With Microsoft SQL Server, client communication with a server supports primarily two components which include the following:
• Network Protocol on the Client and Server
• SQL Server Native Client (SNAC)—This is a new technology introduced in SQL Server 2005 which combines the functions of OLEDB and ODBC for SQL Server into one native library. The native client supports Net-libraries and TDS (Tabular Data stream) endpoints for multiple protocols in SQL Server. TDS is the internal client/server data transfer protocol in SQL Server.
SNAC is loaded with the installation of SQL Server 2005 and does not require a separate install. It can be installed separately on machines which do not have SQL Server installed, but requires SQL Server access.

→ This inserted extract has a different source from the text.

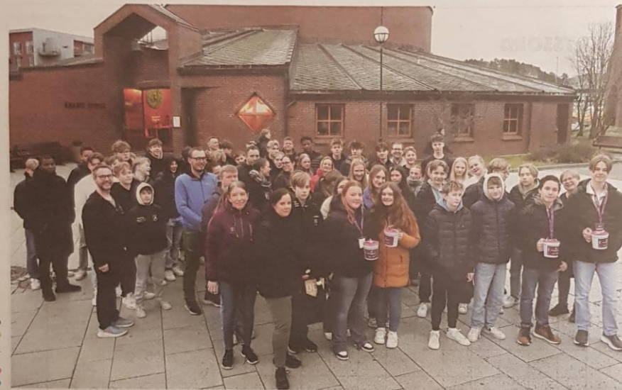
KLAR FOR AKSJON: 140 konfirmanter i Åsane menighet skal gå med bøsser søndag 17. mars. Her er noen av dem sammen med foreldre.

Her er kanskje noen av våre fremtidige utvekslingstudenter og medlemmer?

Figure 3: Comparing the network components of Oracle and SQL Server
SNAC configuration can also be performed after the installation of SQL Server using the SQL Server Configuration Manager.
SQL Server Security Model
Whether you are trying to map your Oracle skills and knowledge to SQL Server or trying to migrate Oracle applications to Microsoft SQL Server 2005, it is important to understand how SQL Server implements database security and roles. This section describes SQL Server’s security architecture and features and maps them to Oracle equivalents where appropriate.
Network Security
Microsoft SQL Server 2005 can use Secure Sockets Layer (SSL) to encrypt data transmitted across a network between an instance of SQL Server and a client application. The SSL encryption is performed within the SQL Native Client Net-Library and applies to all inter-computer protocols supported by SQL Server 2005.

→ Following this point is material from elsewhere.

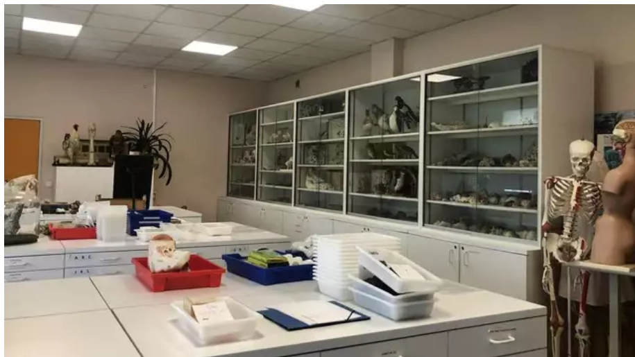
Des pièces issues des réserves du laboratoire de biologie du lycée seront également présentées samedi 13 mai.

SSL encryption works with instances of SQL Server running on a computer that has been assigned a certificate from a public certification authority. The computer on which the application is running must be configured to trust the certificate’s root authority. (Encryption with a self-signed certificate is possible and described in the next section, but a self-signed certificate offers only limited protection.)

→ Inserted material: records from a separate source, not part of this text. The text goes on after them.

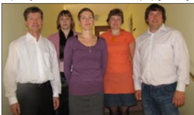
Lastevanematest tugiõpetajad õpetajate päeval Sõmer- palu põhikoolis.

õpetajatest lastevanemad õpilaspere 9. klassi õpilaste juhendusel kahte rühma.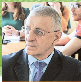
Кафедра интеллектуальных систем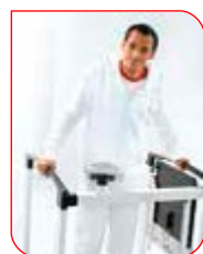
Pacjent w trakcie ważenia może stać lub siedzieć.

The Net-Library encryption is implemented using the Secure Sockets Layer API. The level of encryption, 40-bit or 128-bit, depends on the version of the Microsoft Windows operating system that is running on the application and database computers.
Login Accounts
A login account allows a user to access a SQL Server Instance and its administrative options. It allows connection to the instance but does not carry data access privileges. A login account is typically mapped to a database user name. Accessing data and/or administration functions are controlled via user names.
There is a guest login account that allows users to log in to SQL Server and only view databases that allow guest access. However, inline with security best practices, the guest account is not set up by default and must be created manually if needed.
Database User Name
Each Windows account or SQL Server login must be associated with a user name in each database that the user is authorized to access, or the database must have guest access enabled. Database user names are defined by members of the db_owner (database owner) or db_accessadmin (databases access administrator) fixed database role, and are stored in the sys.database_principals table found in each database.
SQL Server 2005 supports two types of login names which are managed and authenticated using different methods; Windows authentication and SQL Server authentication.
Windows Authentication
A DBA can specify which Windows login accounts can be used to connect to an instance of SQL Server 2005. Users logged into Windows using these accounts can connect to SQL Server 2005 without having to specify a separate database login and password. When using Windows Authentication, SQL Server 2005 uses the security mechanisms of NTLM or Kerberos to validate login connections, and relies on a user’s Windows security credentials. Users do not need to enter login IDs or passwords for SQL Server 2005 because their login information is taken directly from the trusted network connection. Windows authentication is similar in functionality to the IDENTIFIED EXTERNALLY option associated with Oracle user accounts.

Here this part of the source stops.